Records:
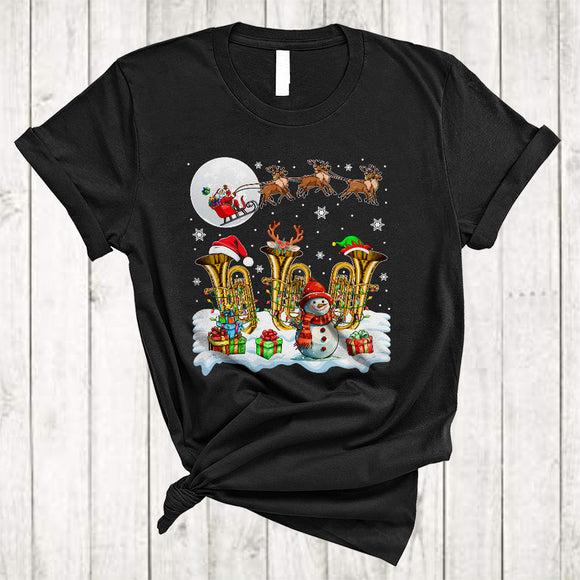 Santa ELF Reindeer Tuba Player, Joyful Christmas Musical Instruments, Snow Around Snowman T-Shirt
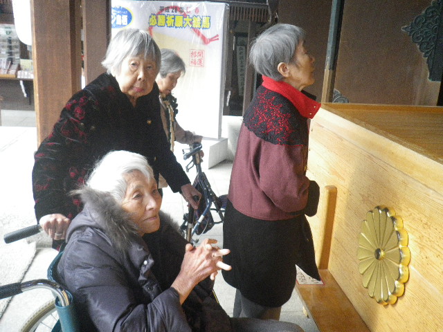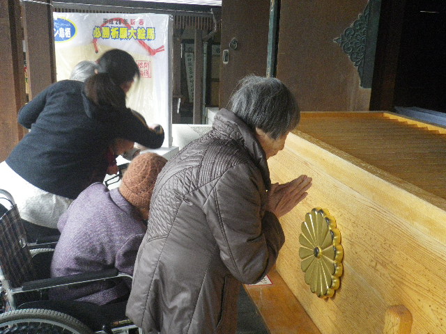 西与賀の入居者様もお賽銭を投げ込まれ手を合わせていらっしゃいました。
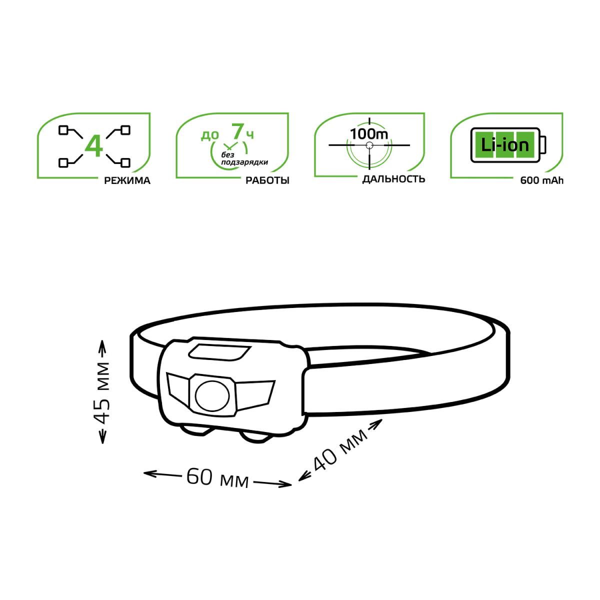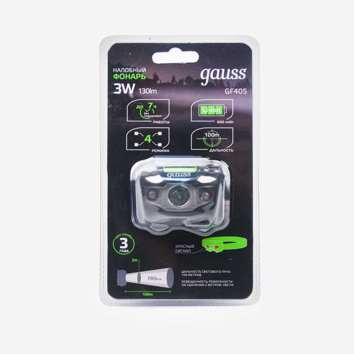 Налобный светодиодный фонарь Gauss аккумуляторный 40х60 130 лм GF405 в Казани
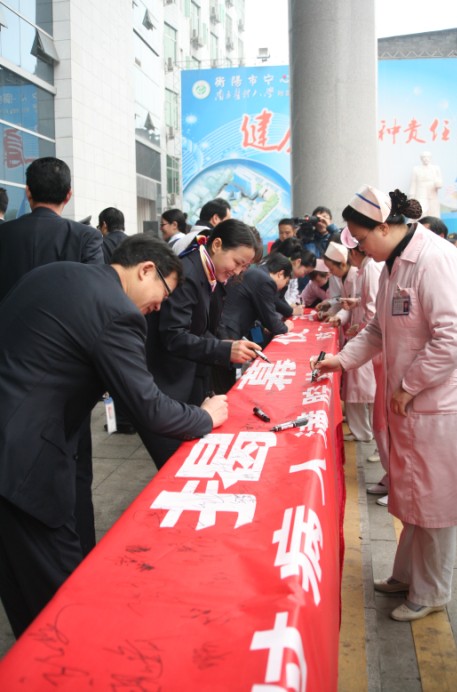 揭幕儀式上,近千名醫(yī)務(wù)人員肅立宣誓并鄭重簽名承諾:“對技術(shù)精益求精,對病人滿腔熱情,對工作極端負責(zé)。”
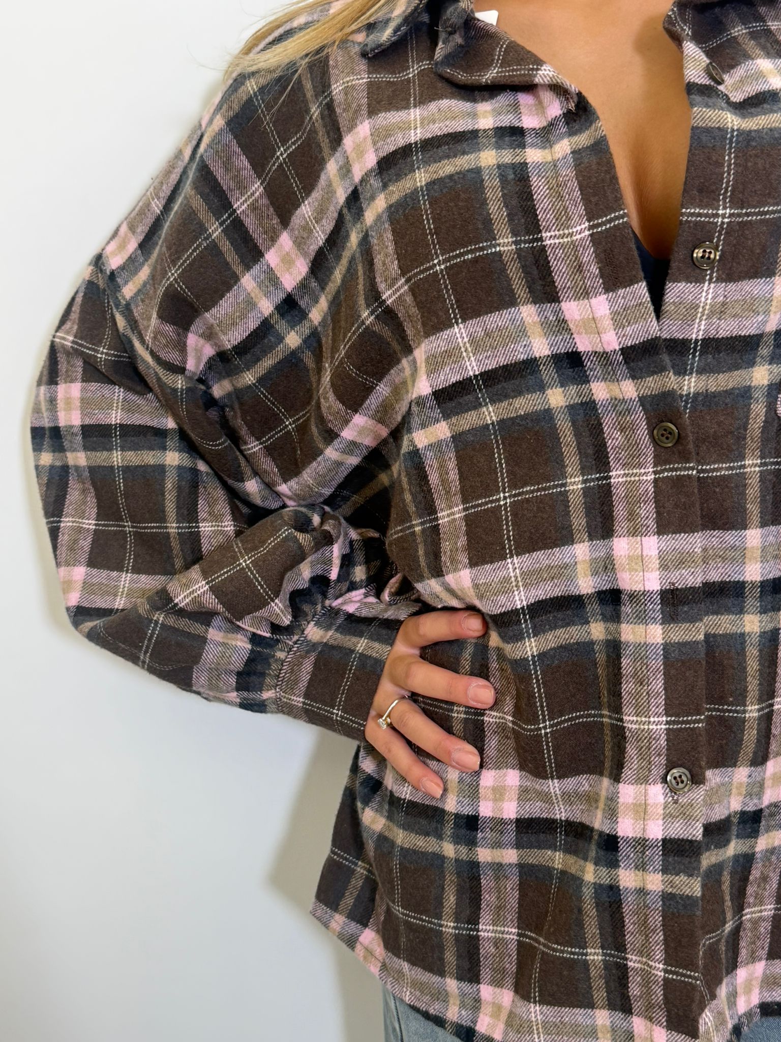 Camicia in simil cotone duro, over, trama a quadri e maniche balloon.
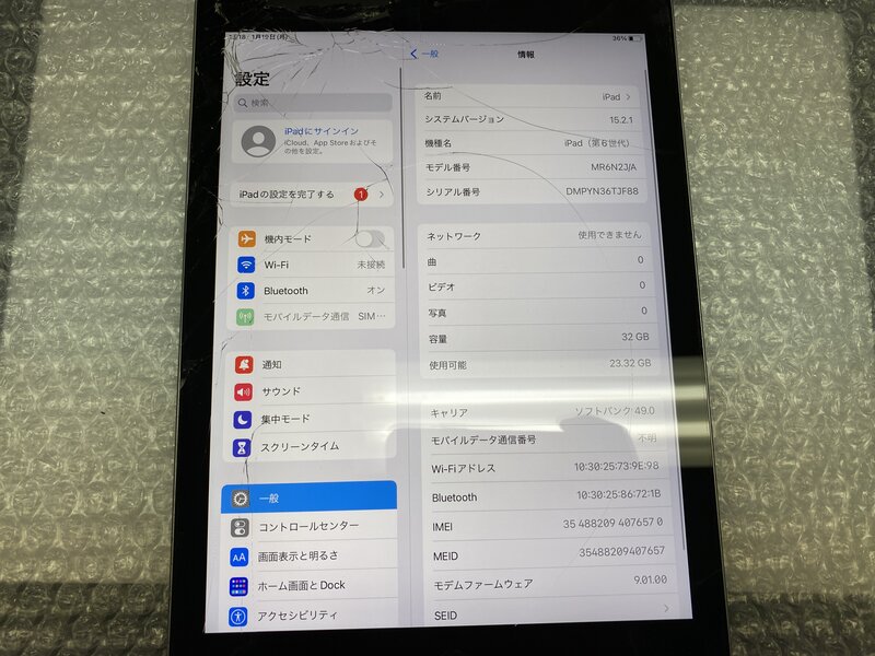 アクティベーションロック・・・OFF 画面割れ・インカメラ割れによる曇り
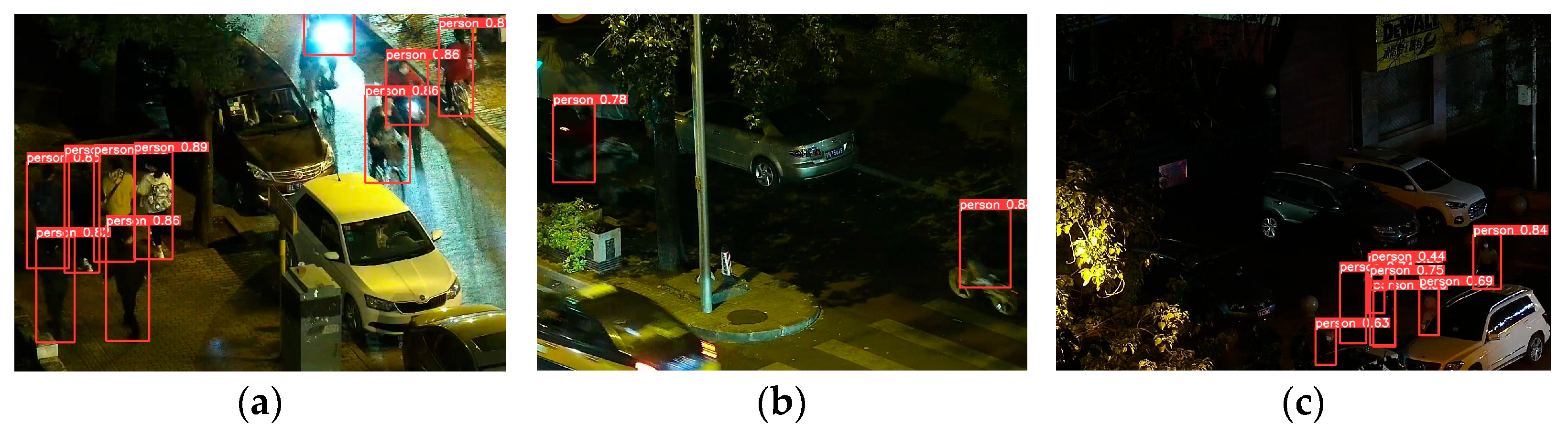24] improved the YOLOv8-ECSH model for nighttime pedestrian and vehicle detection, utilizing the ECSH module to enhance recall. However, it suffers from insufficient feature relabeling under nighttime noise and relatively static multi-scale fusion, making it difficult to adapt to small pedestrians in shadows [
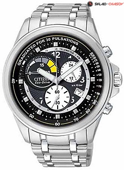 ECO DRIVE. Секундомер. Индикация числа. Тахиметр. Система Eco-Drive не требующая замены батарейки. Аккумулятор подзаряжается от фотоэлемента, принимающего солнечный свет. Средний срок службы аккумулятора 8-10 лет, после чего требуется замена аккумулятора. При полной зарядке аккумулятора часы могут пролежать в полной темноте до 5 месяцев, сохраняя запас энергии. Допустимая точность хода +/- 15 сек. в месяц.
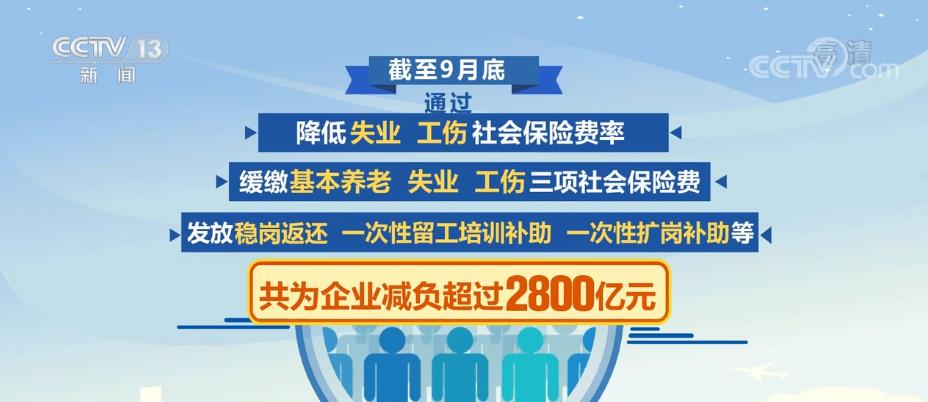 截至9月底,通過降低失業、工傷社會保險費率,緩繳基本養老、失業、工傷三項社會保險費,發放穩崗返還、一次性留工培訓補助、一次性擴崗補助等,共為企業減負超過2800億元。1—9月,就業補助資金支出727億元。
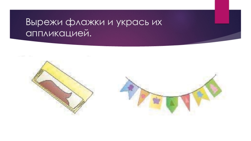 Слайд 5Вырежи флажки и укрась их аппликацией.
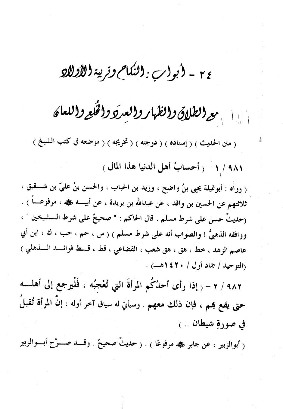 24 - أبواب: النكاح وتربية الأولاد مع الطلاق والظهار والعِدَد والخُلع واللعان
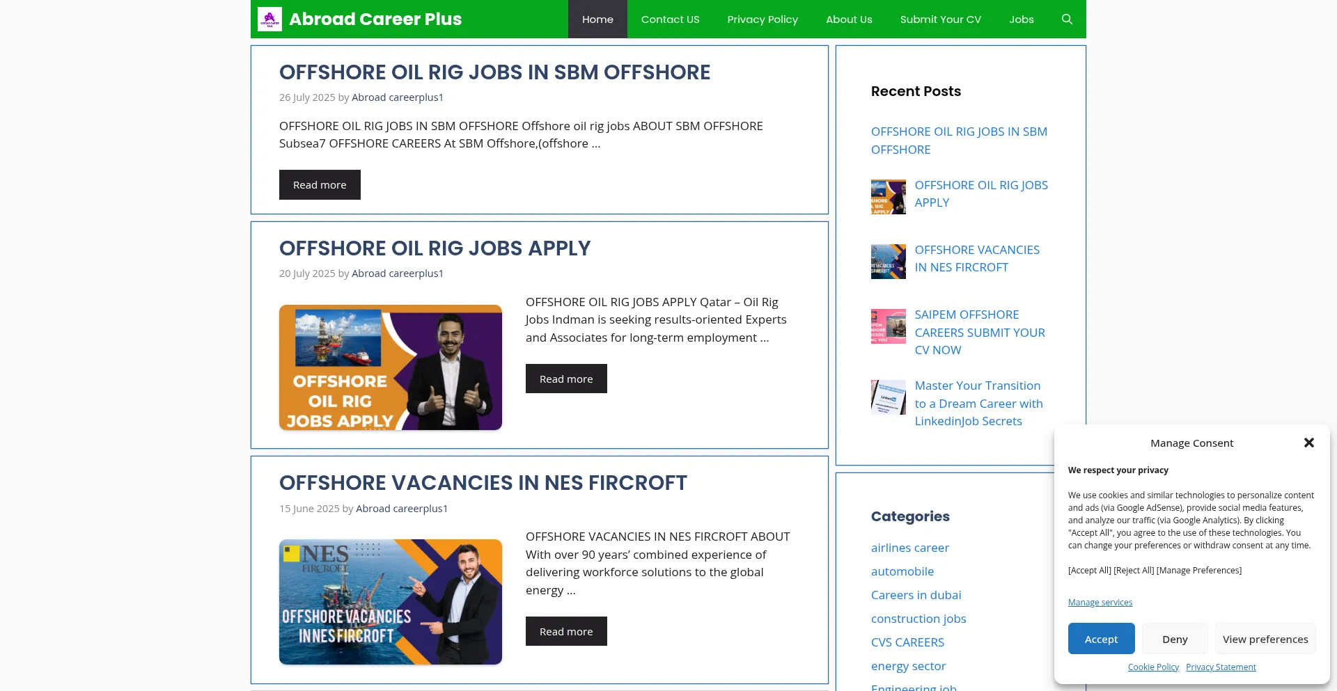 O site implementa mecanismos de consentimento de cookies em conformidade com regulamentações de privacidade como GDPR ou CCPA. Isso demonstra que abroadcareerplus.com adere a padrões de proteção de dados e fornece aos usuários controle sobre práticas de coleta de dados pessoais.
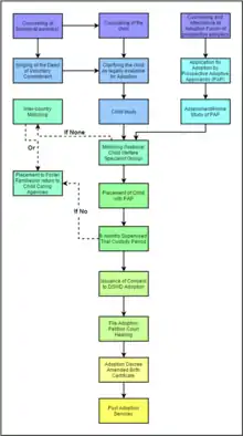 Adoption in the Philippines is a process of granting social, emotional and legal family and kinship membership to an individual from the Philippines, usually a child.[2] It involves a transfer of parental rights and obligations and provides family membership. The Department of Social Welfare and Development (DSWD) defines adoption as a "socio-legal process of giving a permanent family to a child whose parents have voluntarily or involuntarily given up their parental rights."
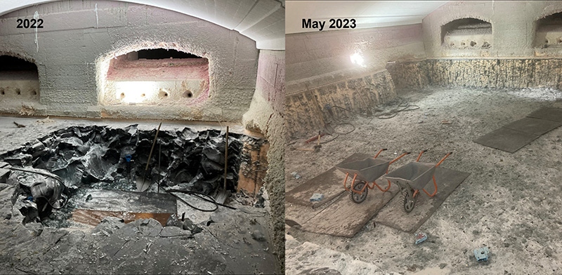 A short time later, the plant sustained severe damage, with one of the three furnaces destroyed beyond repair. Due to this damage, the company was forced to cut around two thirds of the approximately 600 jobs at the site. Vetropack has now hired 139 employees – primarily former staff of the site – to resume production.
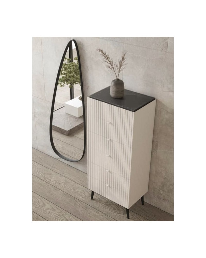El sinfonier Block 01 es la solución ideal para ganar altura y estilo. Su estructura esbelta y vertical, con cinco cajones de frente estriado, sobre en acabado piedra oscura y patas negras, combina capacidad y diseño. Lo acompaña un original espejo vertical tipo gota con marco negro, que suaviza las líneas rectas del mueble y añade un toque orgánico y escultórico al conjunto. Juntos, forman un dúo armónico que equilibra funcionalidad y estética en cualquier rincón del dormitorio.
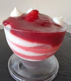 composition : sorbet citron et sorbet fraise-framboise, coulis de fraise
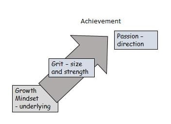 الرسم التوضيحي: المقل الايجابي - أو ذهنية النمو - هو أساس تحقيق نجاح الفرد، الانضباط الذاتي - أو الشغف والمثابرة - يحدد قوة ونطاق الجهد المبذول. الشغف يحدد التوجه، أي الشيء يصبح الفرد جيدًا فيه. مصدر الرسم: هيرموندور، جامعة NTNU.
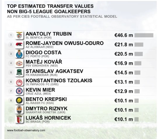 Рейтинг был составлен Международным центром спортивных исследований (CIES Football Observatory), который оценил Трубина в 46,6 млн евро.
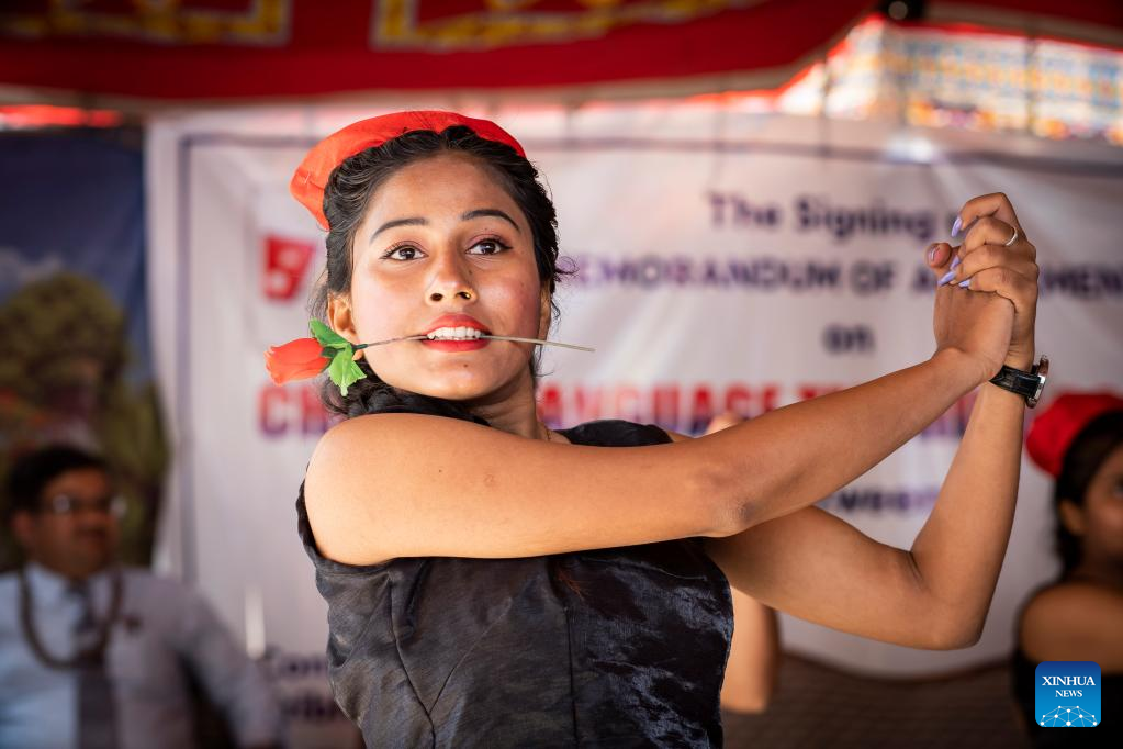 Students perform during an agreement signing ceremony on Chinese language teaching cooperation in Kathmandu, Nepal, March 21, 2022. The Confucius Institute at Nepal's Tribhuvan University signed a memorandum of agreement on Chinese language teaching cooperation with Bal Uddhar Secondary School in Kathmandu of Nepal Monday. (Photo by Hari Maharjan/Xinhua)

Work task:
Each line from the start of the entries above through the line with "O site implementa" should be duplicated exactly, leaving out the pictures.

Task solution:
 Santa ELF Reindeer Tuba Player, Joyful Christmas Musical Instruments, Snow Around Snowman T-Shirt
 西与賀の入居者様もお賽銭を投げ込まれ手を合わせていらっしゃいました。
 Налобный светодиодный фонарь Gauss аккумуляторный 40х60 130 лм GF405 в Казани
 揭幕儀式上,近千名醫(yī)務(wù)人員肅立宣誓并鄭重簽名承諾:“對技術(shù)精益求精,對病人滿腔熱情,對工作極端負責(zé)。”
 Camicia in simil cotone duro, over, trama a quadri e maniche balloon.
 アクティベーションロック・・・OFF 画面割れ・インカメラ割れによる曇り
24] improved the YOLOv8-ECSH model for nighttime pedestrian and vehicle detection, utilizing the ECSH module to enhance recall. However, it suffers from insufficient feature relabeling under nighttime noise and relatively static multi-scale fusion, making it difficult to adapt to small pedestrians in shadows [
 ECO DRIVE. Секундомер. Индикация числа. Тахиметр. Система Eco-Drive не требующая замены батарейки. Аккумулятор подзаряжается от фотоэлемента, принимающего солнечный свет. Средний срок службы аккумулятора 8-10 лет, после чего требуется замена аккумулятора. При полной зарядке аккумулятора часы могут пролежать в полной темноте до 5 месяцев, сохраняя запас энергии. Допустимая точность хода +/- 15 сек. в месяц.
 截至9月底,通過降低失業、工傷社會保險費率,緩繳基本養老、失業、工傷三項社會保險費,發放穩崗返還、一次性留工培訓補助、一次性擴崗補助等,共為企業減負超過2800億元。1—9月,就業補助資金支出727億元。
 Слайд 5Вырежи флажки и укрась их аппликацией.
 24 - أبواب: النكاح وتربية الأولاد مع الطلاق والظهار والعِدَد والخُلع واللعان
 O site implementa mecanismos de consentimento de cookies em conformidade com regulamentações de privacidade como GDPR ou CCPA. Isso demonstra que abroadcareerplus.com adere a padrões de proteção de dados e fornece aos usuários controle sobre práticas de coleta de dados pessoais.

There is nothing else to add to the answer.